I took part in Nanowrimo last year and it was a great experience. Excellent article. Voted up and useful. Thanks for sharing!


PaoloJpm profile image

PaoloJpm 3 years ago from Philippine

great hub! Very useful I am also fascinated writing novels every school breaks for my next subject looking forward to use your tips


europewalker profile image

europewalker 3 years ago

Useful hub with helpful tips. It takes a lot of self discipline to write a book in thirty days.


beadreamer247 profile image

beadreamer247 3 years ago from Zephyrhills, FL

What length of novel are you talking about? I am currently picking up on finishing off 270 pages I started years ago and already had others read over it and they love it. It is going to be around 400 -500 pages and there is no way you can get that done in one months. I also have to do a lot of editing and that takes time. If you work you constantly get interrupted and have to find your way into it every time again - it is time consuming much more than being at home having time to write and concentrate on it for 10 hours.

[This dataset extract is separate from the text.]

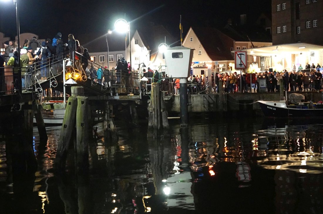 Nach seinem Impuls machten sich die Menschen auf den Weg, um die Brücke und das Ufer erleuchten zu lassen. An beiden Seiten des Hafens stehen viele zusammen, die Brücke ist voll. Alle gemeinsam singen „We shall overcome“ und zum Abschluss segnet Eckernfördes Propst Sönke Funck gemeinsam mit Pfarrer Johannsen die Anwesenden. Auch ein deutliches Zeichen für Zusammenhalt.
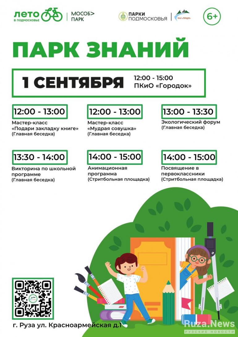 В рузском парке культуры и отдыха «Городок» состоится праздник, посвящённый началу нового учебного года. Для школьников проведут мастер-классы, викторины и посвящение в первоклассники.

SaffronBlossom profile image

SaffronBlossom 3 years ago from Dallas, Texas Author

@Carozy: Thanks for reading and commenting! I'm glad you enjoyed the article. @PaoloJpm: Best of luck with your writing! School break will be a great time to write...I miss school break. :) @europewalker: Thank you! Yes, agreed--it does! But communities like NaNoWriMo help with the motivation. @beadreamer247: Thanks for reading! In my introduction I mention a 50K word book as being doable in a month; thousands of people do it every year in November! But I agree that a longer book would be very hard, if not impossible, to do in 30 days unless you are a full-time writer.


Abby Campbell profile image

Abby Campbell 3 years ago from Charlotte, North Carolina

Self publishing is becoming big business. When I'm on my Kindle Fire, I download many books and am surprised with the books out there. There are many atrocious writers, and there are many of them that are writing as advertisements for their personal businesses. I've also ordered traditional books from Amazon and have been astonished by the bad layout, organization, and grammar. I love that writers are able to self publish, but there should be some sort of rules they abide by in order to be considered true authors. Your hub is very useful, SaffronBlossom. Thank you.


SaffronBlossom profile image

SaffronBlossom 3 years ago from Dallas, Texas Author

Thanks Abby! I definitely agree there should be rules to abide by to be considered true authors--there's a lot of unprofessional dreck out there, and I always feel cheated when I buy a book the author obviously didn't care enough about to edit and polish.


jsbst18 3 years ago

"Rules to be considered a real writer"? Hehe. That is funny. Is Boroughs a writer? Because most of his stuff is pure dreck... how about JD Salinger? A writer is someone who writes... a good writer, well that is based on opinion.

If you get paid to do something, you are a professional. Whether you are a good or bad professional, you are still one.